Death by distraction: New tech toys can endanger public and warfighters

The popularity of portable entertainment and communication devices creates concerns about driving and job safety.

The world of mobile technology is moving fast — maybe too fast for government policy-makers and adopters.

Washington is typically a laggard when it comes to the government’s ability to make laws and policies that keep up with changes wrought by new technologies. Of course, there are some who prefer it that way, but that’s another story. And government employees — both civilian and military — are no different from typical users in their ability to multitask. 

With tens of millions of Americans using their cell phones or other handheld devices to send and receive text messages, the federal government has recently turned its attention to the dangers posed by drivers who are too busy texting to keep their eyes on the road.

Transportation Secretary Ray LaHood recently issued federal guidance that, effective immediately, prohibits texting by drivers of commercial vehicles, such as large trucks and buses. Violators will be subject to civil or criminal penalties of as much as $2,750. The move comes on the heels of President Barack Obama’s executive order that bans federal employees from texting while driving government-owned vehicles or using government-owned equipment. It went into effect Dec. 30.

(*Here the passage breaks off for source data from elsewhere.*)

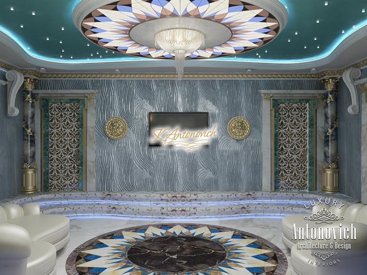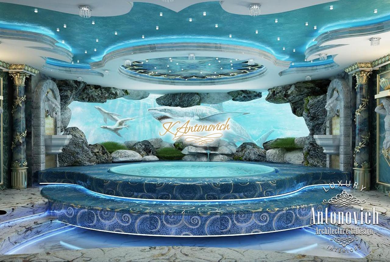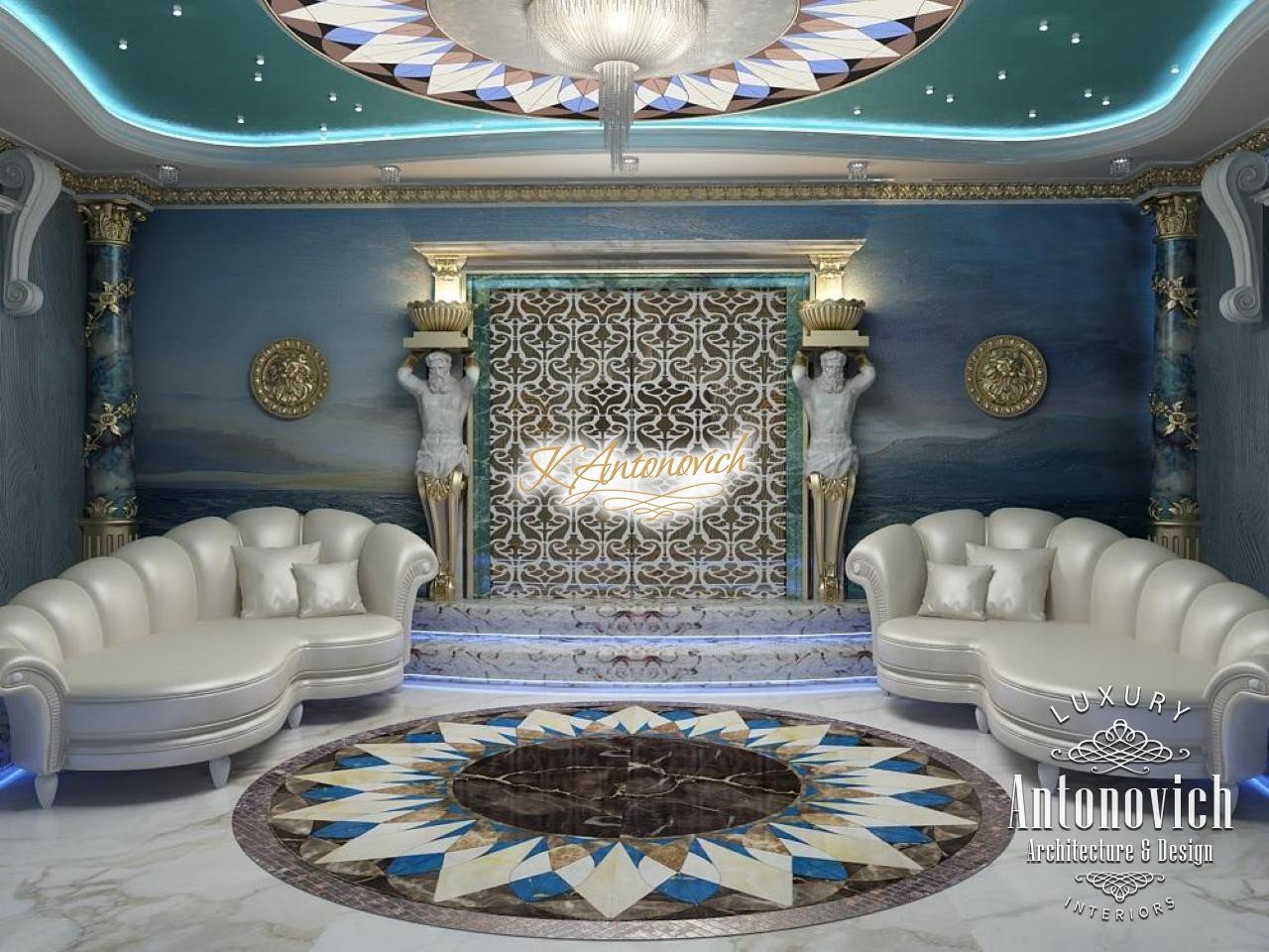Villa Design in Dubai by elite interior studio Luxury Antonovich Design reflects the harmonious union of old traditions and modern technology. Luxury villa on the beach has become an ideal habitat for a large and happy family. Hamam design became one of the bright accents in the author's project. The spacious room that have been allocated for home spa area, have opened the designers a real scope for creativity. The hamam interior is divided into several zones. The pool area is decorated with amazing art paintings, sculptures and mosaics. In the recreation area interior designers Dubai offered an exquisite combination of floor and ceiling decor. Stylized of large flowers ornaments on the ceiling and the floor make the interior very expressive and festive.
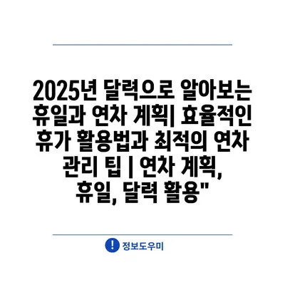 2025년 달력으로 알아보는 휴일과 연차 계획| 효율적인 휴가 활용법과 최적의 연차 관리 팁 | 연차 계획, 휴일, 달력 활용”
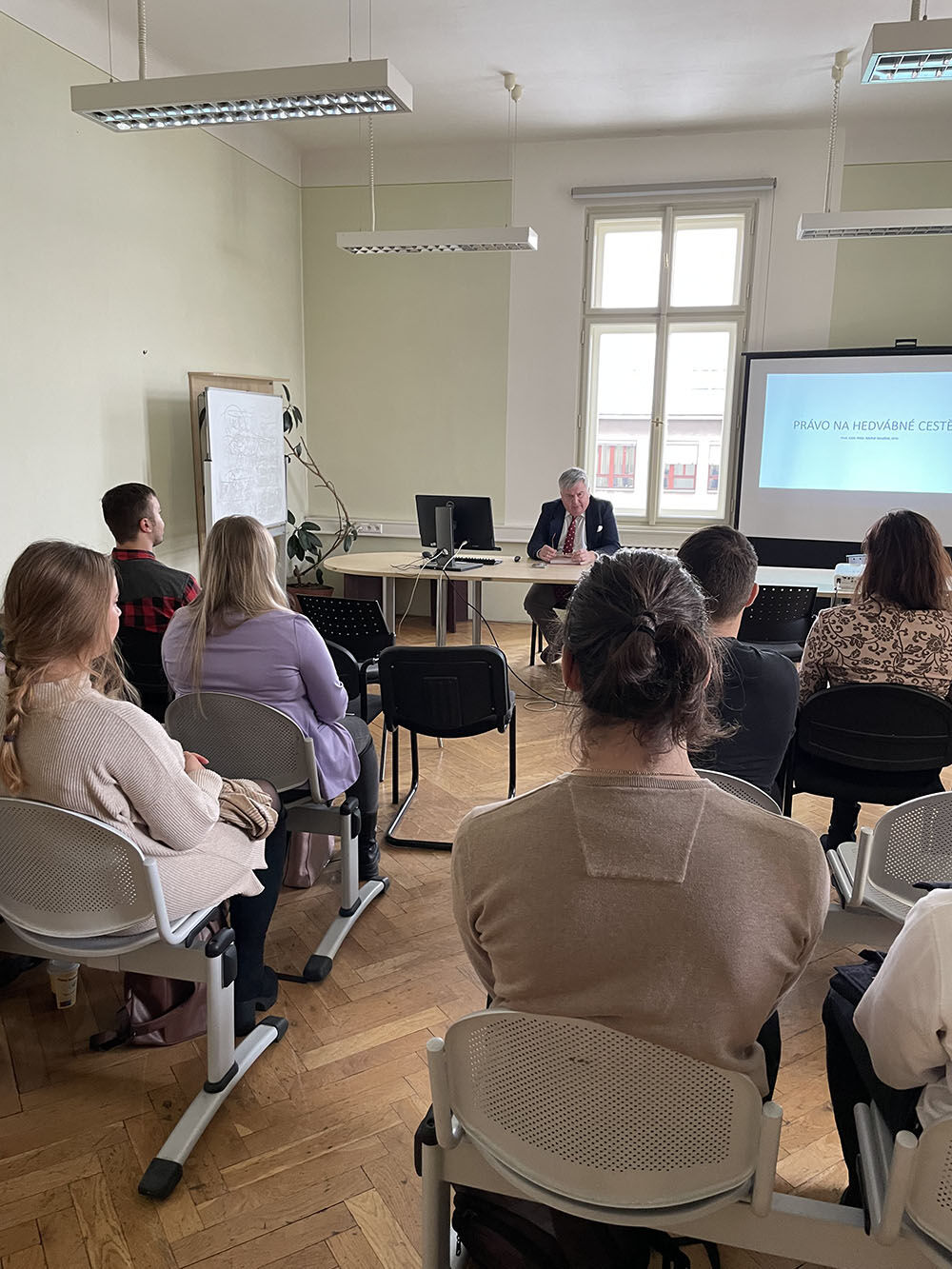 Přítomné studenty a studentky uvedl Michal Tomášek do tématu, které zpracoval ve své stejnojmenné knize. Shrnul vývoj právních vztahů spojených s obchodem na Hedvábné cestě, přičemž přiblížil historii vztahů Číny s okolními státy a evropskými mocnostmi v kontextu Hedvábné cesty i v kontextu střetu různých náboženství. Poukázal také na odlišnosti mezi kontinentálním právním systémem a právním systémem Číny. Závěrečná část přednášky zahrnovala diskusi o právním postavení cizinců v Číně a o vztazích mezi Japonskem a Čínou.

Like almost everyone else, the government has known for years that texting while driving is risky business. People who drive while texting take their eyes off the road for 4.6 seconds of every six seconds that they are texting and are 20 times more likely to get in an accident than nondistracted vehicle operators, according to a study from the Federal Motor Carrier Safety Administration. At 55 miles per hour, that means the texting driver is traveling the length of a football field, including the end zones, without looking at the road.

Texting while driving is not the only digital diversion that can have dire consequences. Some Marines in Afghanistan — and probably elsewhere — are heading out on patrol with their iPods turned on and listening to music — or worse — watching movies, reports Tom Ricks of Foreign Policy. The result, the story implies, was more injury and death than would otherwise have occurred.

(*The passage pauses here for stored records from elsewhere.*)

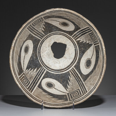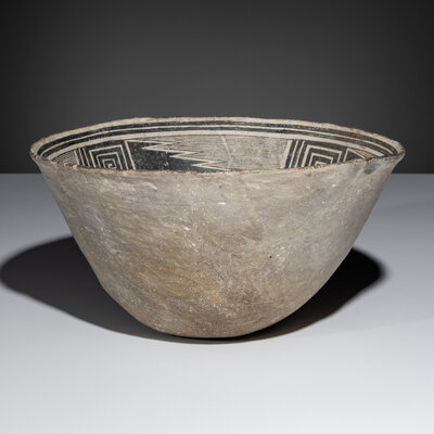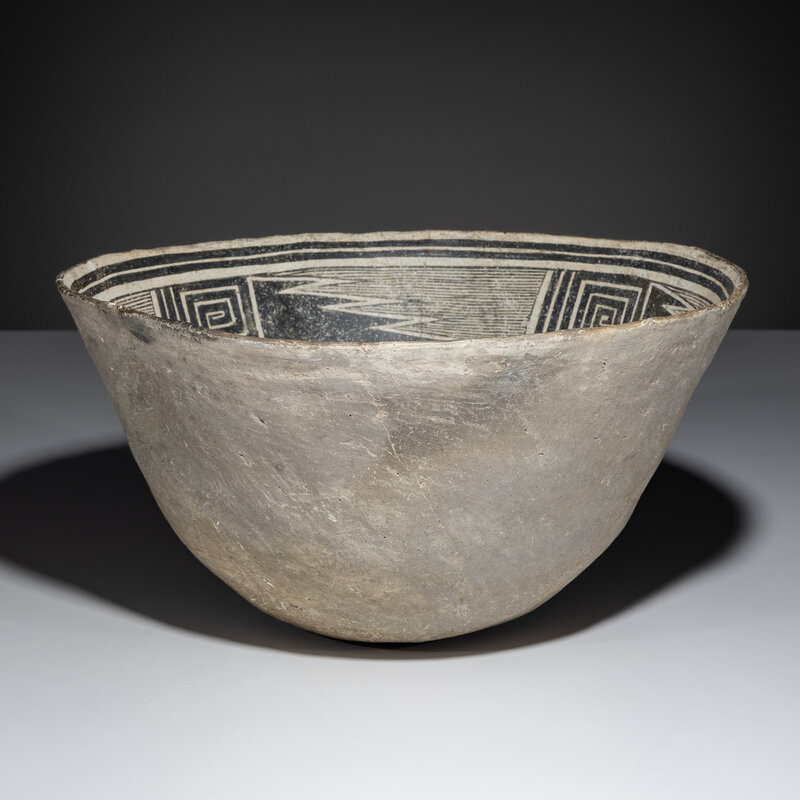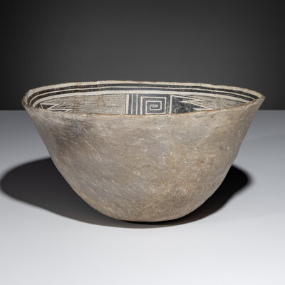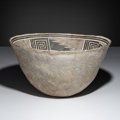 Ancestral Pueblo, Mimbres Classic Black-on-White Pottery Bowl
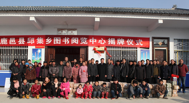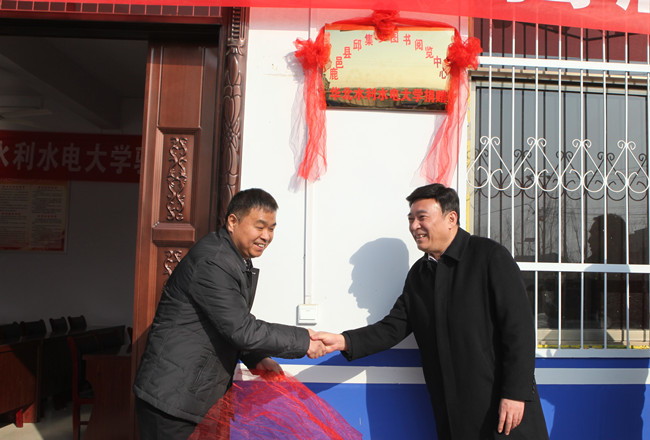校党委书记王清义和鹿邑县委副书记付吉广共同为“鹿邑县邱集乡图书阅览中心”揭牌
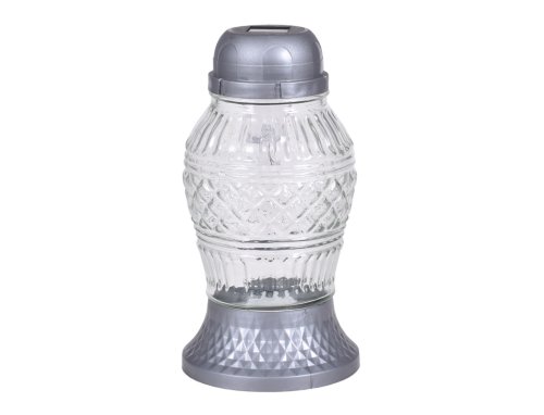 Skleněná hřbitovní lampa ve tvaru úzké lucerny s jemně profilovaným povrchem s motivy kosočtverců a pruhů. Sklo je čiré, doplněné o plastový podstavec a víčko ve stříbrné barvě. Ve víčku je zabudován solární panel se soumrakovým senzorem, který zajistí automatické rozsvícení po setmění. Díky solárnímu napájení odpadá nutnost výměny náplní, což zajišťuje pohodlné a dlouhodobé použití při dekoraci pietních míst. Rozměry: průměr 11 cm, výška 22 cm. Barva: stříbrná.
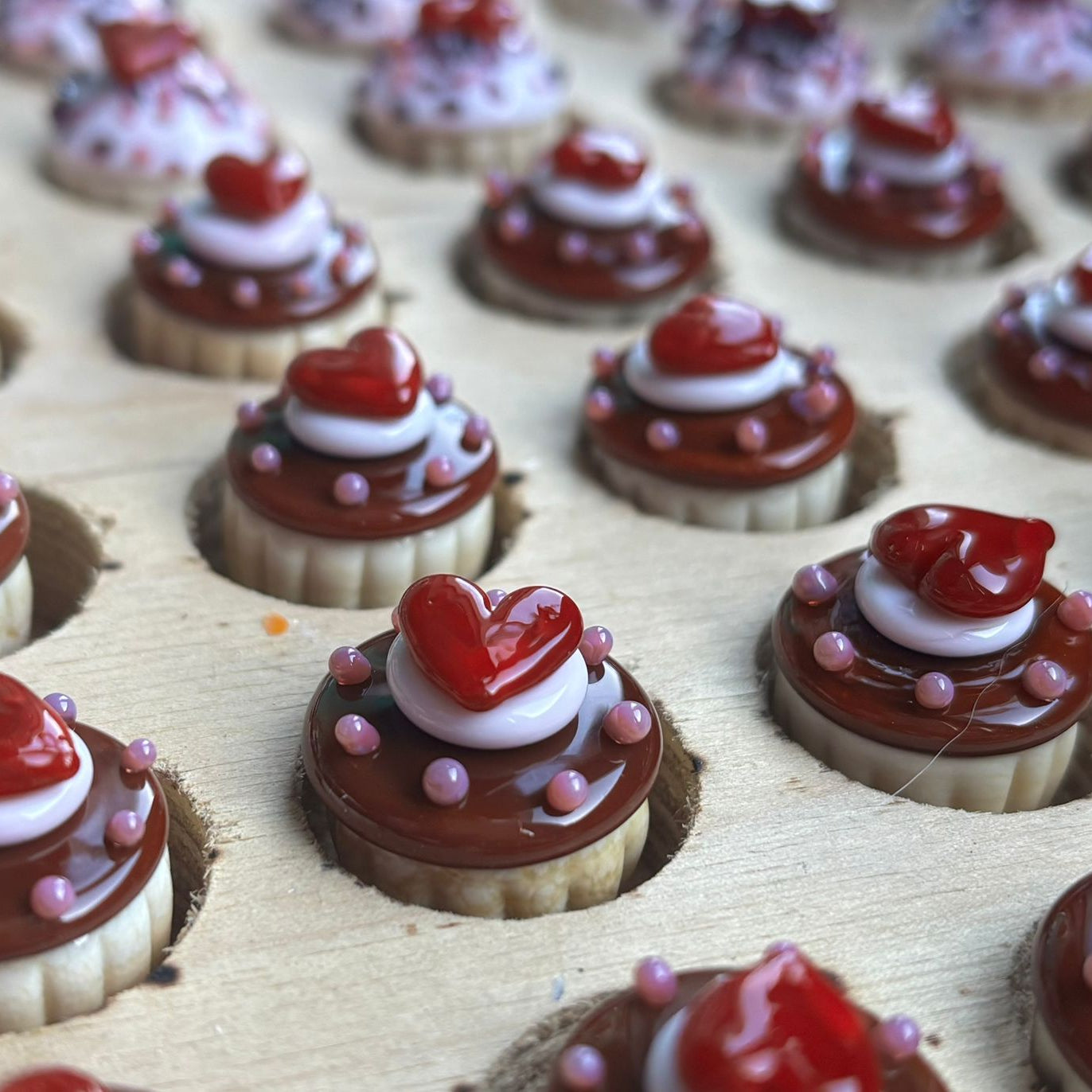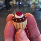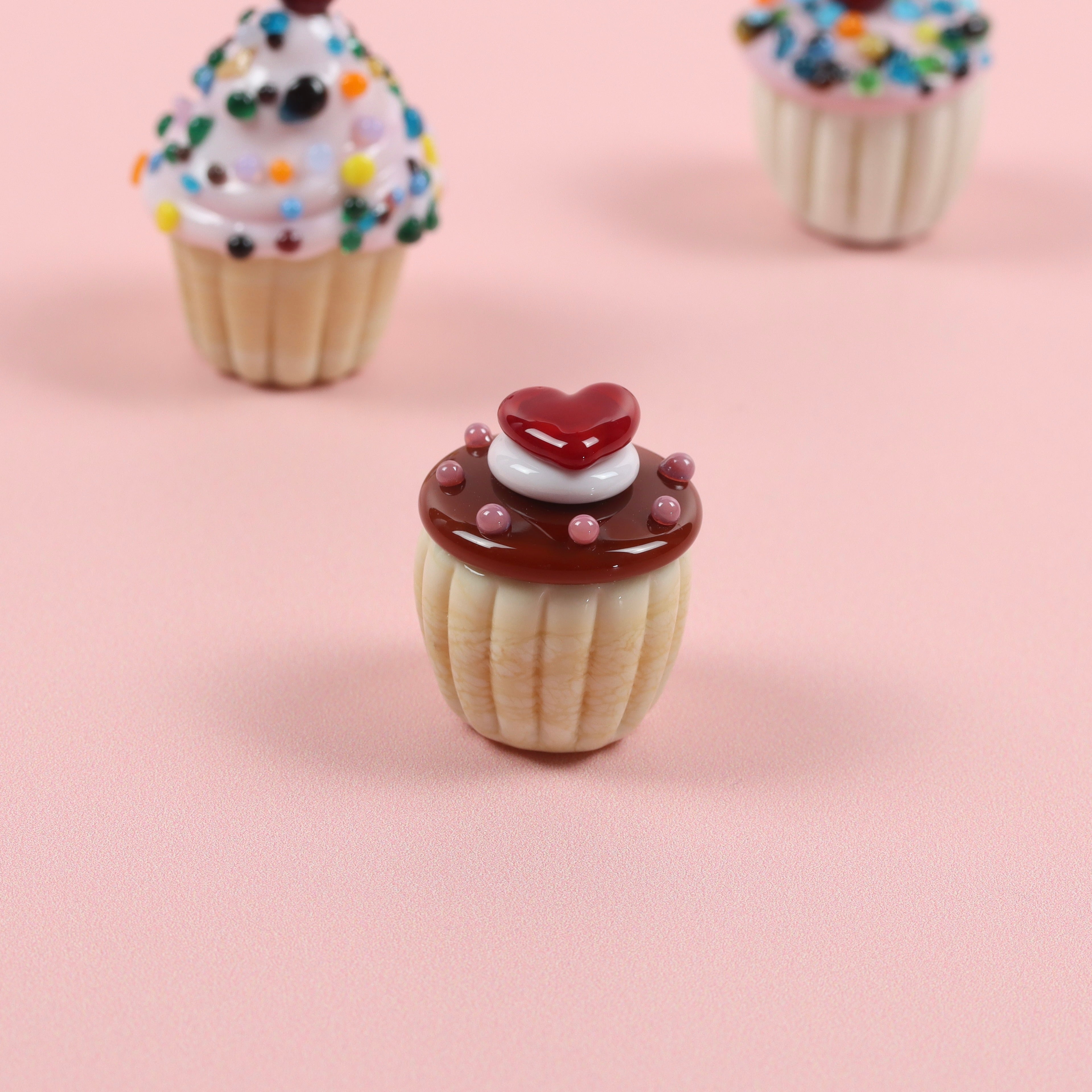 The Ultimate Chocolate Heart Topper Dinky Cupcake What says 'I love you!' like chocolate and hearts! This scrumptious teeny tiny wonder is lamp worked by hand and stands at 2cm high and 2cms wide (ish) and arrives boxed.

“As smart phones, iPad tablets and other equipment become standard issue for the military in order for them to do the job on the net-centric battlefield — as they will — how do you police the potentially deadly uses along with the good stuff?” asks Federal Computer Week’s Brian Robinson in response to the debate sparked by Ricks’ piece.

Speaking of iPad…

Apple, a company on a hot streak as creator of the category kings iPod and iPhone, introduced its newest new thing late last month. Apple CEO Steve Jobs called the company's $499 tablet computer, dubbed the iPad, magical and revolutionary and said it “creates and defines an entirely new category of devices.”

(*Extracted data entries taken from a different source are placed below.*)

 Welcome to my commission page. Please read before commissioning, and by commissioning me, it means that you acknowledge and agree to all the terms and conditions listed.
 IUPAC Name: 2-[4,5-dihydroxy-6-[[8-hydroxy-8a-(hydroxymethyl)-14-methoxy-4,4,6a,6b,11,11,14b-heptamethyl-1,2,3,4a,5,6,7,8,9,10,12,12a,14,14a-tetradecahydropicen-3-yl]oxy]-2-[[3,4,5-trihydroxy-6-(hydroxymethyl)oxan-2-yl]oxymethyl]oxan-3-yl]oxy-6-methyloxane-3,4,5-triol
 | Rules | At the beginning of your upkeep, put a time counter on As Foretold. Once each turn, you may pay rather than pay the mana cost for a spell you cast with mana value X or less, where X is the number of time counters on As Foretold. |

Industry reviewers beg to differ. “I cannot see it escaping the tablet computer dead zone any time soon,” writes John Dvorak of PC Magazine. The iPad’s primary sins, he says, are its inability to multitask, a missing stylus-based input option so people can draw and take notes on it, and the lack of a camera so they could use it for videoconferencing.

Other reviewers questioned Apple’s claims about the iPad’s 10-hour battery life under normal operating conditions. The device is not yet available, so the claim could not be verified. The reviewers, including John Breeden II of our sister publication, Government Computer News, based his skepticism on the iPad’s use of a display technology called In-Plane Switching, which is more power-hungry than other options.

After Breeden got an earful from the Apple faithful for daring to question the company, he sent an e-mail message to Jobs regarding the battery claim. And lo and behold, he received what appeared to be a message from Jobs himself. The Apple founder and czar insisted that the advertised specs are, in fact, true.

Seems it might be kind of a sore spot for a company that lately has been used to only dazzling accolades.